What is SparkSession and SparkContext in Apache Spark?

Apache Sparkdata~5 mins

SparkSession and SparkContext in Apache Spark

Choose your learning style9 modes available

Learn Why Deep Visual Try Challenge Project Recall Time

Introduction

SparkSession and SparkContext help you start working with Apache Spark.
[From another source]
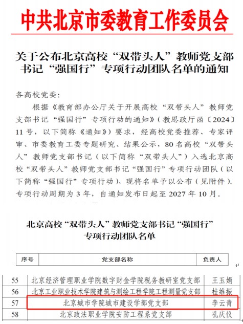 学校党委高度重视重视“双带头人”教师党支部书记培育工作,切实落实“强国行”专项行动工作重要部署,制定有力措施,动员“双带头人”教师党支部书记全员参与“强国行”专项行动,全面强化“双带头人”队伍建设和作用发挥。除入选全国、市级团队的三个党支部外,学校还遴选了经济管理学部党支部和马克思主义学院党支部两个重点“强国行”专项行动团队,发挥示范带动作用,全面增强党支部的政治功能和组织功能,引领广大师生在服务国家重大战略和首都经济社会高质量发展中,为强国建设、民族复兴作出北城贡献。

They let you connect to Spark and use its tools to analyze big data easily.

When you want to read data from files like CSV or JSON to analyze it.

When you need to create a Spark program to process large datasets.

When you want to run SQL queries on big data using Spark.

When you want to manage Spark configurations and resources in your program.

Syntax

Apache Spark

from pyspark.sql import SparkSession

spark = SparkSession.builder \
    .appName("MyApp") \
    .getOrCreate()

sc = spark.sparkContext

SparkSession is the main entry point to work with Spark SQL and DataFrames.

SparkContext is the older core object to connect to Spark, now accessed via SparkSession.

Examples

Create a SparkSession named 'TestApp' and get its SparkContext.

Apache Spark

spark = SparkSession.builder.appName("TestApp").getOrCreate()
sc = spark.sparkContext

Create a SparkSession running locally on your computer with the name 'LocalApp'.

Apache Spark

spark = SparkSession.builder.master("local").appName("LocalApp").getOrCreate()

Quickly get the SparkContext from a SparkSession.

Apache Spark

sc = SparkSession.builder.getOrCreate().sparkContext

Sample Program

This program creates a SparkSession and SparkContext, prints the app name, then creates and shows a small DataFrame.

Apache Spark

from pyspark.sql import SparkSession

# Create SparkSession
spark = SparkSession.builder.appName("ExampleApp").getOrCreate()

# Access SparkContext
sc = spark.sparkContext

# Print app name from SparkContext
print(f"App Name: {sc.appName}")

# Create a simple DataFrame
data = [(1, "Alice"), (2, "Bob"), (3, "Cathy")]
columns = ["id", "name"]
df = spark.createDataFrame(data, columns)

# Show DataFrame content
print("DataFrame content:")
df.show()

OutputSuccess

Important Notes

Always create only one SparkSession per application to avoid conflicts.

SparkContext is available inside SparkSession as spark.sparkContext.

Use SparkSession for all new Spark programs; SparkContext is mostly for backward compatibility.

Summary

SparkSession is the main way to work with Spark SQL and DataFrames.

SparkContext connects your program to the Spark cluster and is accessed via SparkSession.

Create SparkSession with builder, set app name and master if needed, then get SparkContext from it.